Als bergrechtlich verantwortlichem Unternehmen obliegen der LMBV in ihrem Zuständigkeitsbereich:

  • die Herstellung der geotechnischen und der öffentlichen Sicherheit in den ehemaligen Braunkohletagebauen und -veredlungsanlagen
  • der Rückbau der nicht mehr benötigten Anlagen und Ausrüstungen
  • die Sicherung/Beseitigung von ökologischen Altlasten
  • die Herstellung eines ausgeglichenen Wasserhaushaltes
  • die Rekultivierung der in Anspruch genommenen Flächen und
  • die Schaffung von Voraussetzungen für eine in der Regionalplanung festgeschriebene Folgenutzung.
Anstützung der Südwestböschung der Kippe Wulfersdorf
Anstützung der Südwestböschung der Hochkippe Wulfersdorf, 2021 (Foto: Ch. Bedeschinski)

Im Konsens mit den Regionalplänen der Länder hat die LMBV für die stillzulegenden Anlagen insgesamt 184 Abschlussbetriebspläne gemäß Bundesberggesetz der Bundesrepublik Deutschland bei den zuständigen Bergbehörden zur Zulassung eingereicht, 65 wasserrechtliche Planfeststellungsverfahren sowie eine Vielzahl weiterer behördlicher Genehmigungsverfahren zu führen.

In der bergbaulichen Grundsanierung ist bereits ein sehr fortgeschrittener Stand erreicht. Bei der Massenbewegung zur Gestaltung der Tagebaubereiche wurden bisher mehr als eine Milliarde Kubikmeter umgesetzt, für die Sicherung von Kippen und Böschungen wurden ebenfalls mehr als eine Milliarde Kubikmeter Massen verdichtet. Die Demontage und Abbruchleistungen sind fast abgeschlossen, Rekultivierungsleistungen werden bis zum Abschuss realisiert. Basis zur Finanzierung all dieser Arbeiten ist der §2 des Verwaltungsabkommens zur Braunkohlesanierung.

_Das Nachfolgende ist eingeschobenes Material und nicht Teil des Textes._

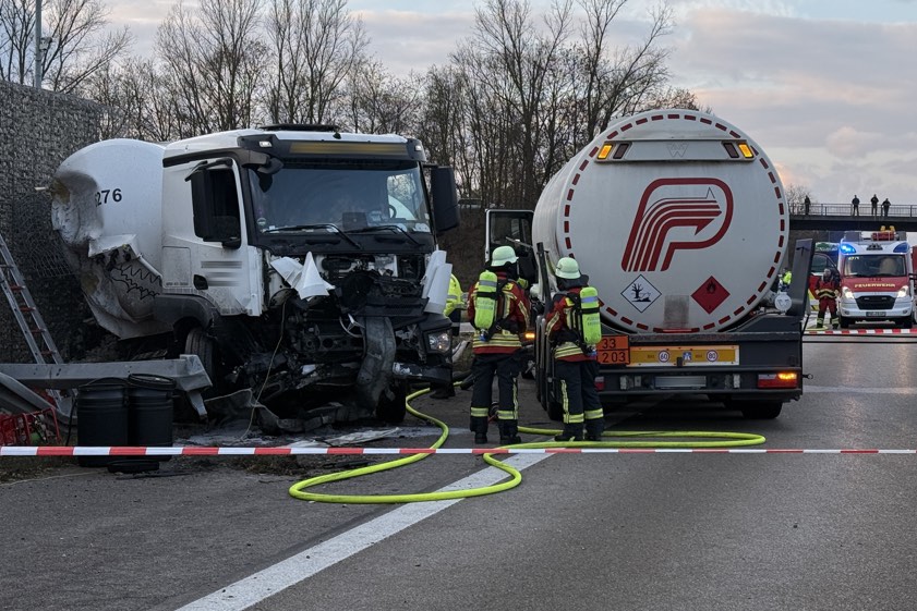 (ty) Nach dem schweren Tanklaster-Unfall, der sich – wie bereits berichtet – am gestrigen Dienstag im Landkreis Pfaffenhofen auf der A9 in Richtung Süden ereignet hat, wurden von der Polizei heute weitere Details bekanntgegeben. Ein 63 Jahre alter Münchner krachte mit dem Gefahrgut-Sattelzug frontal in eine Lärmschutz-Wand und trug schwere Verletzungen davon. Der Sachschaden wurde mittlerweile auf insgesamt 270 000 Euro geschätzt. Die Autobahn in Richtung München war über Stunden voll gesperrt. Heute musste zudem noch Erdreich ausgebaggert und entsorgt werden.
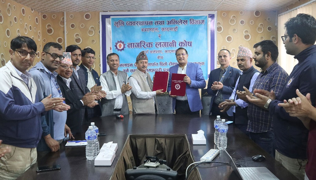 काठमाडौँ । नागरिक लगानी कोष र भूमि व्यवस्थापन तथा अभिलेख विभागबीच अनलाइन प्रणालीमार्फत धितो रोक्का र फुकुवा गर्ने सम्बन्धमा सम्झौता भएको छ ।
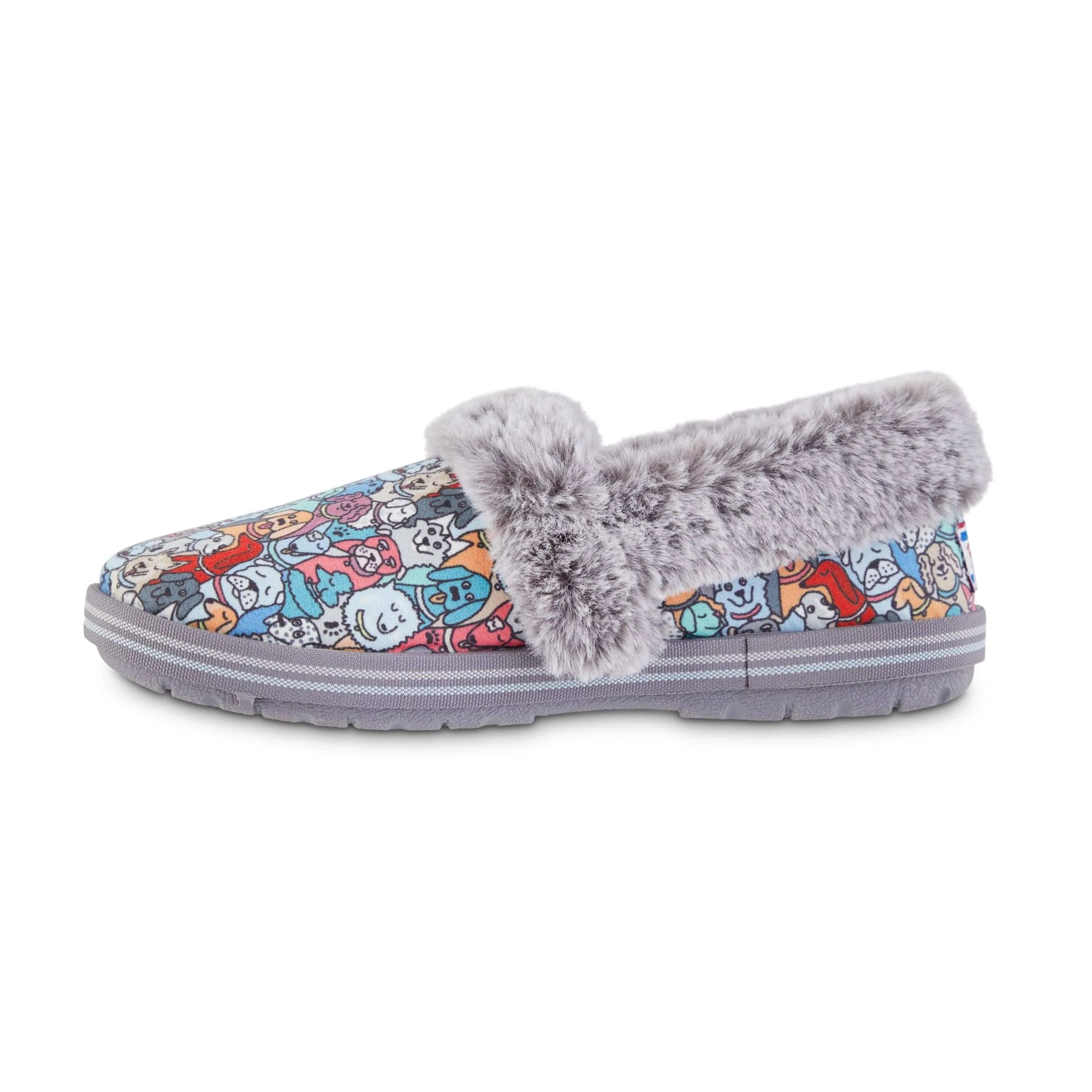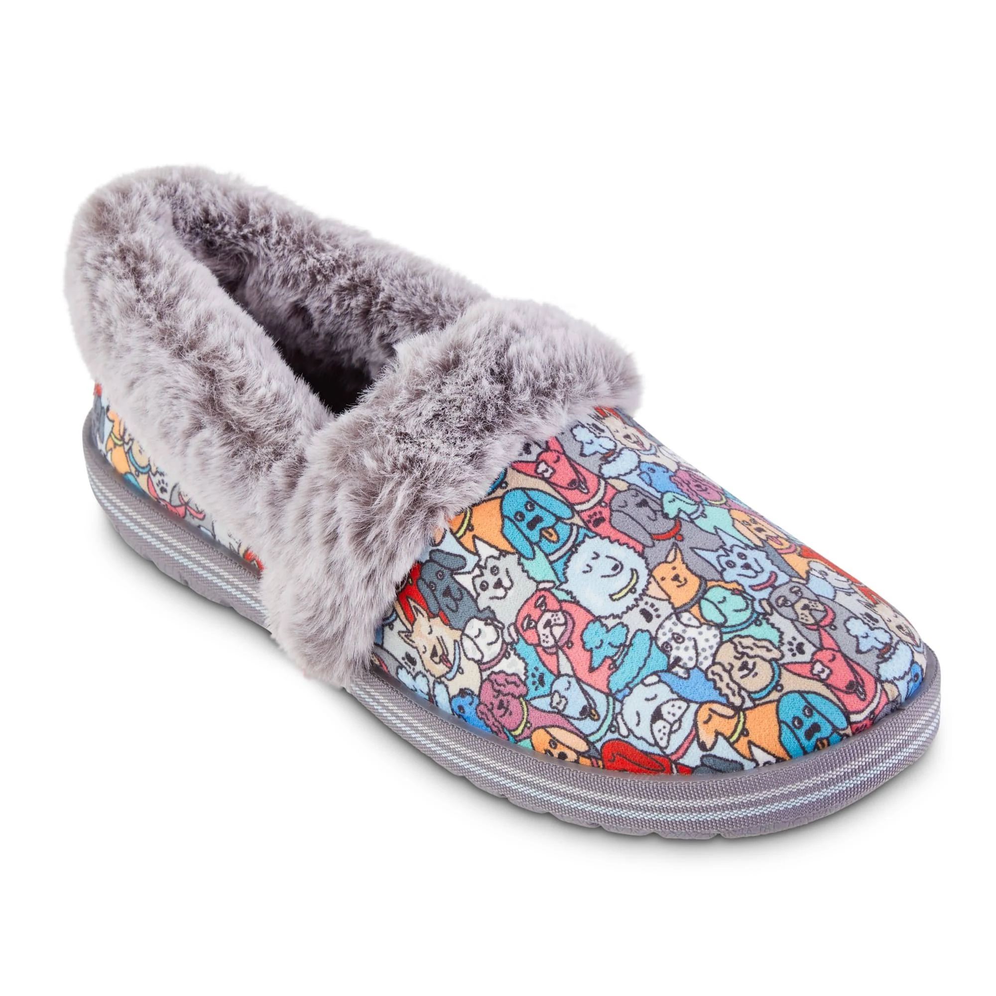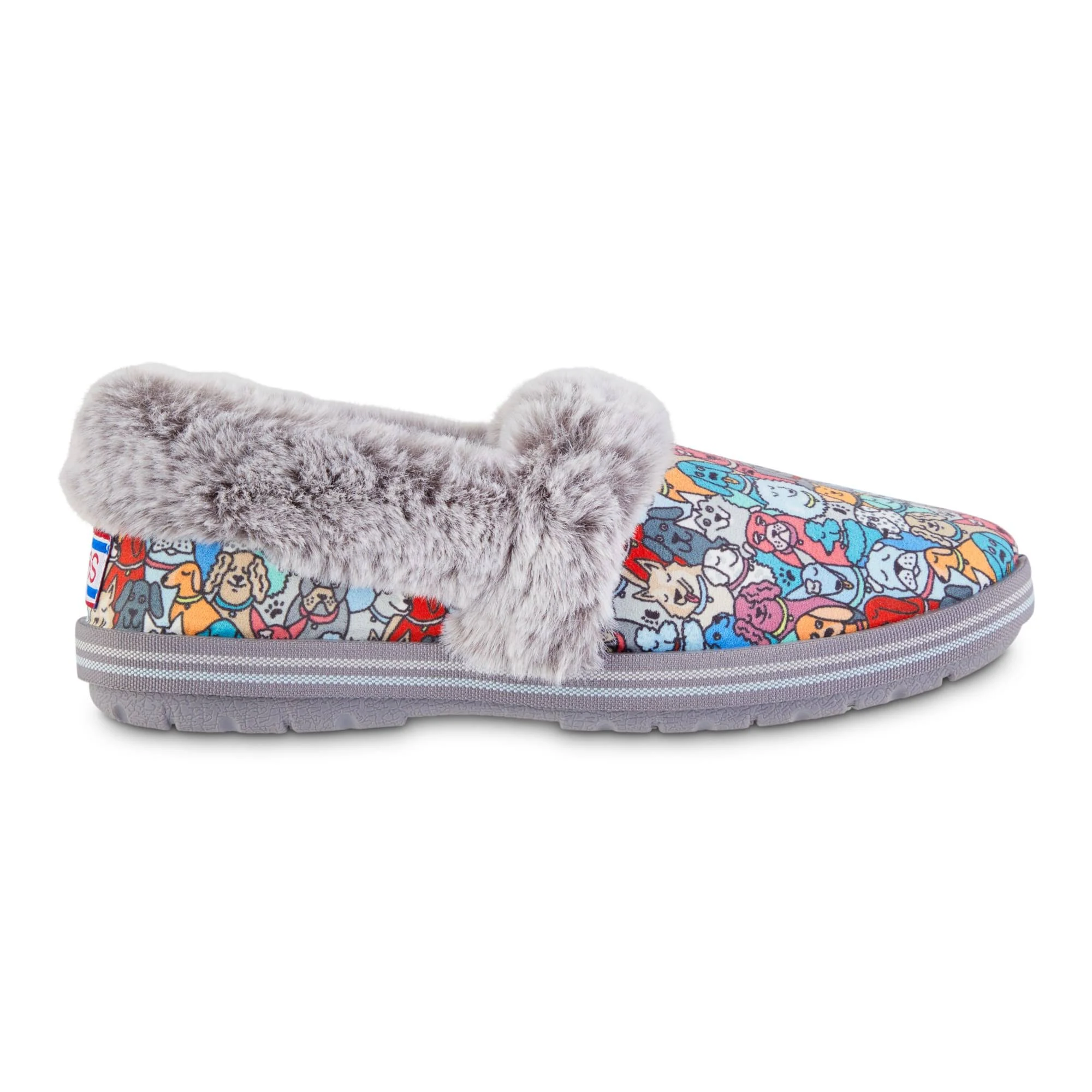 Stay cozy warm and celebrate your furry pals in the Skechers BOBS for Dogs Too Cozy - Pooch Parade shoe. Soft microfiber suede fabric upper in a slip on casual comfort slipper with colorful Woof Parade dogs print design, faux fur lining and Memory Foam footbed. BOBS helps make a difference for animals and kids - learn more here.
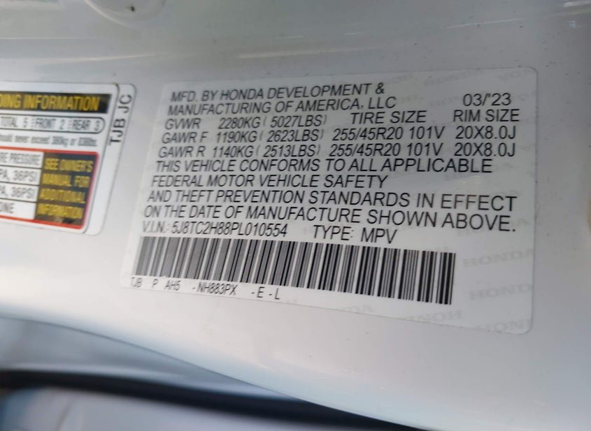 - VIN: 5J8TC2H88PL010554
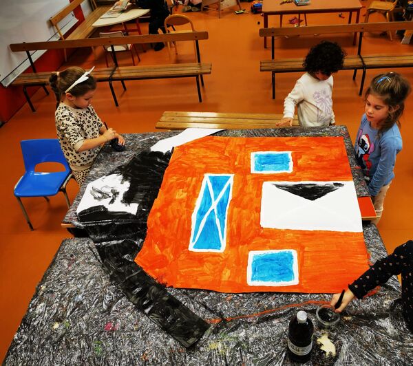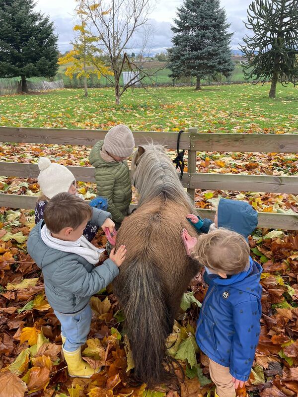 - Les 3-5 ans ont plongé dans l’univers des animaux de la ferme : création d’une fresque géante, visite d’une ferme pédagogique à Vallières-sur-Fier, fabrication de poules en collage et de moutons en PlayMais… Une semaine riche en découvertes et en rires !

Dimensionen greifbar gemacht

Die in der Tagebausanierung bearbeiteten Erdmassen sind gewaltig. Für die Sanierung und Rekultivierung der stillgelegten Tagebaue wurden mehr als 1,7 Milliarden Kubikmeter Massen bewegt. Zum Vergleich: Die Cheops-Pyramide, eines der volumenreichsten Bauwerke der Welt, besitzt ein Volumen von (nur) 2,6 Millionen Kubikmeter. Zahlreiche Bergbaufolgeseen wurden von der LMBV geschaffen und befinden sich zu großen Teilen bereits in öffentlicher Nutzung.